The contributions in Pointer can be summarized as below.

- To the best of our knowledge, Pointer is the first ReRAMbased accelerator for PointNet++-based point cloud recognition. ReRAM array greatly speeds up the slow and energyhungry MLP execution during feature computation step.
- To reduce DRAM access, Pointer proposes inter-layer coordination. It schedules the next layer to fetch the results of the previous layer as soon as they are available, which allows on-chip fetching thus reduces DRAM access.
- To further reduce DRAM access, Pointer proposes intra-layer reordering. It reschedules the execution order with topology awareness, further allowing data reuse of common inputs.
- Pointer achieves 40× to 393× speedup and 22× to 163× energy efficiency over the state-of-the-art no-accuracy-loss accelerator with a similar hardware cost.

# 2 BACKGROUND AND RELATED WORK

## 2.1 PointNet++: Deep Learning on Point Clouds

PointNet++ [11] is one of the most widely-adopted point cloud recognition algorithms. It consists of multiple set-abstraction layers. As Fig. 1 shows, each set-abstraction layer will transform an input point cloud to an output point cloud with fewer points, which belong to a subset of the original input. Then this output point cloud will be the input of the next set-abstraction layer. Each setabstraction layer consists of two major stages, named point mapping and feature processing.

The point mapping stage consists of two steps, named *farthest point sampling (FPS)* and *neighbor search*. The FPS will determine which input points should remain in the output point cloud of this layer, as shown in Fig. 1. As mentioned, for the output point cloud of each layer, its points are the subset of the input point cloud. The *neighbor search* determines the neighbors of each output point by searching for the top-k nearest points of it.

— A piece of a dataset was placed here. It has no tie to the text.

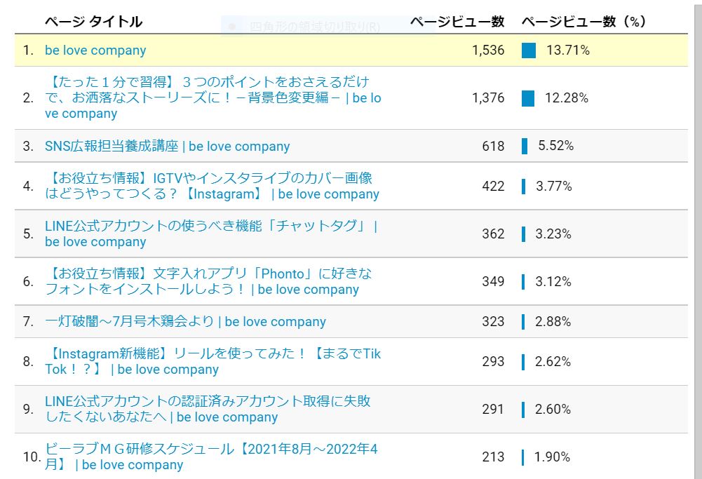 1位はトップページ、2位はインスタストーリーズ背景、3位のなんと、私達イチオシのSNS広報担当養成講座が来ています。

The feature processing stage consists of three steps, named aggregation, feature computation, and reduction. We use a point  $P_i$ as an example, assuming it is selected to remain in the output cloud point. We denote its feature vector as  $F_i$  and its neighboring points as  $P_j$  with feature vector  $F_j$ . The aggregation stage first calculates the "difference"  $\mathcal{D}(F_i, F_j)$  between feature vector of  $P_i$ and each of its neighbors. Then at the feature computation stage, an multi-layer perceptron (MLP)  $\mathcal{M}$  is applied on  $\mathcal{D}(F_i, F_j)$  to generate  $\mathcal{M}(\mathcal{D}(F_i, F_j))$ . Then all of the  $\mathcal{M}(\mathcal{D}(F_i, F_j))$  corresponding to all neighbors  $P_j$  are reduced by maximum pooling, generating the output feature vector  $F_i^{out}$  for point  $P_i$ .

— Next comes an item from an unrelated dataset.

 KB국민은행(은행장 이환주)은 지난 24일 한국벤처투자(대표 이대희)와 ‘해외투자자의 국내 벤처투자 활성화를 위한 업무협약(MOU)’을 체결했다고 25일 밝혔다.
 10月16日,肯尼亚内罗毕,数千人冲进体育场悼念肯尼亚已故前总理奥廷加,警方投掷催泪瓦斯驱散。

## 2.2 Process-In-Memory with ReRAM

ReRAM is an emerging non-volatile memory technology. Besides storing data, the ReRAM crossbar architecture is widely adopted to accelerate the vector-matrix multiplication [1, 13]. The mechanism is shown in Fig. 2(a), with the vertical line denoting bitline, and horizontal line denoting wordline. The resistances of each memristor cell can be programmed for computation. Assuming the resistances of the two cells in Fig. 2(a) are programmed as  $R_1$  and  $R_2$ , thus the conductance values are  $G_1 = 1/R_1$  and  $G_2 = 1/R_2$ . When the voltages of these wordlines are  $V_1$  and  $V_2$ , thus the current on the bitline Pointer: An Energy-Efficient ReRAM-based Point Cloud Recognition Accelerator with Inter-layer and Intra-layer Optimizations ASPDAC '25, January 20-23, 2025, Tokyo, Japan

is  $I = I_1 + I_2 = V_1 * G_1 + V_2 * G_2$ . Therefore, if we set conductance values  $\{G_1, G_2, ..., G_n\}$  equal to *n* elements in a vector and voltages  $\{V_1, V_2, ..., V_n\}$  equal to the other vector, then the current on the bitline *I* is the dot product result of two vectors.

To extend the vector product engine to a vector-matrix multiplier, which is the fundamental operation in MLP, the structure in Fig. 2(a) can be horizontally extended to a crossbar architecture in Fig. 2(b). Assume the vector length is still n and the matrix shape is  $n \times m$ . In this case, the m current values on the m bitlines  $\{I_1, I_2, ..., I_m\}$  can represent the output vector.

# 2.3 Related Work

Existing accelerators for PointNet++-based point cloud recognition algorithms can be categorized into two types, depending on whether they incur accuracy variation. Accelerators with accuracy variation include Mesorasi [3], Crescent [2], PRADA [14], FLNA [8], TiPU [20], Sava [7], and FusionArch [6]. But accuracy variation is often unacceptable, especially in accuracy-critical scenarios where the accuracy variation can lead to catastrophic consequences. The accelerators without accuracy variation include Point-X [19], PointAcc [4], MARS [17]. The Point-X only focuses on DGCNN [15], which cannot be directly applied to widely-adopted PointNet++ and its other variants. In other words, it does not generalize well. Only PointAcc and MARS can accelerate general point cloud recognition algorithms without accuracy variation, and MARS mainly enhances the mapping unit of PointAcc. Our Pointer is also a general point cloud accelerator without accuracy variation. So in this paper, the baseline is MARS-like accelerator, which is a state-of-the-art no-accuracy-variation point cloud accelerator.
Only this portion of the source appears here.